Sallie Krawcheck says women feel more shame about money than sex and death

Wall Street veteran and Ellevest CEO Sallie Krawcheck would like to see women who are livin' large get the same praise as their male colleagues. Perhaps that will help remove some of the shame she says women feel about money.   

“Money is so taboo for us as women," she explains in an exclusive interview with TheStreet. "We receive so many negative messages around money from the press that's aimed at us about how[...] financial planning is really, really hard."

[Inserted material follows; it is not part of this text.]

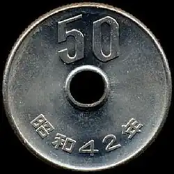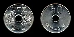 The 50 yen coin (五十円硬貨, Gojū-en kōka) is a denomination of Japanese yen. These coins were first minted in 1955, and concurrently circulated alongside a banknote denomination of the same amount. 50 yen notes were eventually pulled from circulation shortly before the center of the 50 yen coin was holed. The first yen coins were made of pure nickel and slightly larger than the ones used today. Changes to the 50 yen coin were made in response to events surrounding the 100 yen coin. The public wanted a different looking 50 yen coin while the mint wanted to stay consistent with the material used to make the coins. The current design was first minted in 1967 using Cupronickel rather than pure nickel.[1] The 50 yen coin continues to be minted for commerce, and is a collectible among hobbyists.

Krawcheck says that women's spending habits can be socially stigmatized. "[We hear that we're] spending too much on the latte[,] on the facial[,] on the manicure and the pedicure, on the shoes and so on. And so we have these messages that come to us which are not positive."

Culturally, she says, society loves to see a wealthy man spend money. "Men get all these positive affirmative messages around growth and making money," she tells TheStreet. The result of the social acceptance gap is a problem because it makes women less likely to talk about money.

"It's sort of hard to believe, but money is a subject that is more taboo than sex," Krawcheck says. "Women are much more likely to talk about money than they are to talk about sex and actually literally prefer talking about their own death [to talking about] money. It doesn't get any more uncomfortable than that."

Whether it's income transparency or sharing investment tips with friends, Krawcheck says that "[women have] to break the taboo and have the conversations."

She points to a past survey of Ellevest investors that showed that "most women knew there was a gender pay gap," Krawcheck tells TheStreet. "But they didn't think they had a gap. And if you're not talking about it and you don't know about it, then[...] you think 'well I'm fine, it's everybody else'."

But according to Krawcheck, women will never know unless they speak up.